Dans le cadre des mesures proposées par le PCL (voir le projet de loi sur le droit au travail), cela ne semble pas utile, le délai d’obtention d’un emploi public rémunéré (dans la catégorie “DAT”) étant limité à un mois. Les indemnités légales de licenciement pourvoieraient dans la plupart des cas aux besoins du travailleurs licencié pendant ce mois de battement. Et même, dans certains cas, elles y pourvoieraient largement, étant entendu qu’il s’agit encore une fois de maintenir un droit du travail contraignant, et les indemnités de licenciement qui vont avec. Néanmoins, pour les cas plus difficiles, ceux dans lesquels les indemnités de licenciement sont trop misérables, il suffirait de donner des consignes ad hoc à la Banque de France (3), afin que les citoyens concernés puissent bénéficier de droit, si besoin, d’un simple découvert.

Article 4 :
“L'assistance sociale est garantie aux inaptes au travail mais un travail est garanti aux handicapés”.

Voilà qui semble tout à fait pertinent. Cela rejoint d’ailleurs nos propositions - voir le point 3 des principes généraux. Le droit au travail doit être ouvert aux citoyens handicapés comme aux citoyens valides, et pour les personnes souffrant d’une invalidité empêchant toute activité professionnelle, nous prévoyons une allocation d’un montant égal au salaire médian calculé par l’INSEE.

Article 5 :
“Le financement de l'article 1 est garanti pendant un an, renouvelable en partie en fonction de l'évolution de la qualification des nouveaux salariés et de leur remise progressive à la charge de leur entreprise. Les sommes économisées sont versées au budget de l'éducation, de la recherche et de l'innovation”.

Pour des raisons que nous précisons dans le projet de loi de réforme fiscale, cet article 5 nous semble tout à fait inutile. Et puis, cette “remise progressive à la charge de leur entreprise”… outre le fait que nous refusons toute implication des entreprises privées dans la mise en œuvre du droit au travail (voir supra), cela nous semble vraiment “tordu” pour ne pas dire fumeux. On dirait du Mélenchon (là nous sommes certes un peu sévères ; quand Mélenchon défendra vraiment le droit au travail…). Et encore une fois, cet article confirme que le citoyen Brouillard envisage bien de convertir les “aides à l'emploi et au non-emploi” en subventions aux entreprises privées, au moins pour un an voire plus, ce qui est en contradiction avec l’article 7 de son propre projet de loi. A moins que j’aie mal compris.

Article 6, voir supra.

Article 7 :
“Les entreprises privées ne reçoivent aucune subvention des fonds publics”.
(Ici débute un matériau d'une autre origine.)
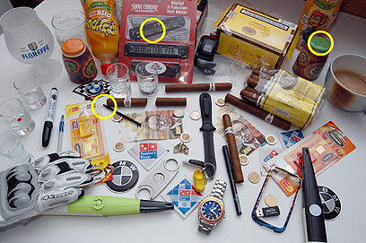 קודם כל רואים ברור שהשעון מעורר (או הטיימר) שיחקו עם שני האפסים הראשונים כי אין מקום להכניס שם am/pm ברור ששונה הכפתור של מצת הימני עוד דבר פרופרציה של הסיגר החתוך מראה שהוא קטן יותר מסיגר רגיל מחובר אז זה לא שני חלקים בנוסף נראה ששונה החישוק הצהוב שמקיף את שעון האומגה כי היחס של המספרים לא נכון לא יכול להיות ש20 מתחיל אחרי רווח כל כך גדול וגם אין מקום מ50 ל60 כנראה שהמשולש עם הנקודה הוזז (מקווה שתבינו את הכוונה) בטוש השחור הצופציק לא אמור להיות למטה בסמוך לפתיחה של הטוש, הסכין לא הגיוני שהתופסן נמצא בצורה כזאת על הידית של הסכין הוא צריך להיות על הנרתיק הכיתוב פינלנדיה נמחק מאחד הכוסות זכוכית, נראה לי שבעט השקוף אמור להיות מילוי כלשהו, לא מצליח לראות אבל נראה לי שחסר הצופציק של המצת השחור מה שעושה את הניצוץ ככל שאני מכיר כיסוי איפוד אמור להיות עם תחתית כזאת, ואחרון חביב לא בטוח אני לא מכיר קוצץ סיגרים אבל נראה לי שהסכין באמצע לא צריכה להיות סגורה שלא לוחצים על החורים בצדדים ( רפי) שלום רפי. אני על לוסטרל 100 - נראה לי ששווה שתעבור אצל חיליק הפסיכיאטר שלי והוא ישתף אותך גם.

Rien à redire. A noter que dans le cadre du programme du PCL, le secteur public garantissant (via des monopoles d’Etat ou via des entreprises relevant du secteur public non-monopolistique) l’efficience et la pérennité des activités économiques à caractère stratégique, et garantissant également le droit au travail et donc la sécurité économique des citoyens et résidents étrangers, alors il n’y a plus aucune raison de verser la moindre subvention aux entreprises capitalistes privées. Vous voulez du libéralisme ? On va vous en donner. Désormais les subventions, c’est à utiliser en suppositoire. Vous allez goûter au socialisme et à l’économie mixte à répartition sectorielle…

Article 8 :
“Les cotisations ASSEDIC sont supprimées”.

Rien à redire non plus. Nous proposons naturellement de supprimer aussi les allocations chômage (voir le point 3 des principes généraux), et le Pôle emploi lui-même, qui deviendrait heureusement sans objet avec l’instauration du droit au travail. Ce qui rejoint le point 6 du projet de loi du citoyen Brouillard.

En revanche nous nous inscrivons en faux contre cette affirmation :



“Notons là que les nationalisations mitterrandiennes correspondaient aux vœux du grand patronat, soucieux d'énergie, de transports et de crédit à bas prix, aux frais de l'État”.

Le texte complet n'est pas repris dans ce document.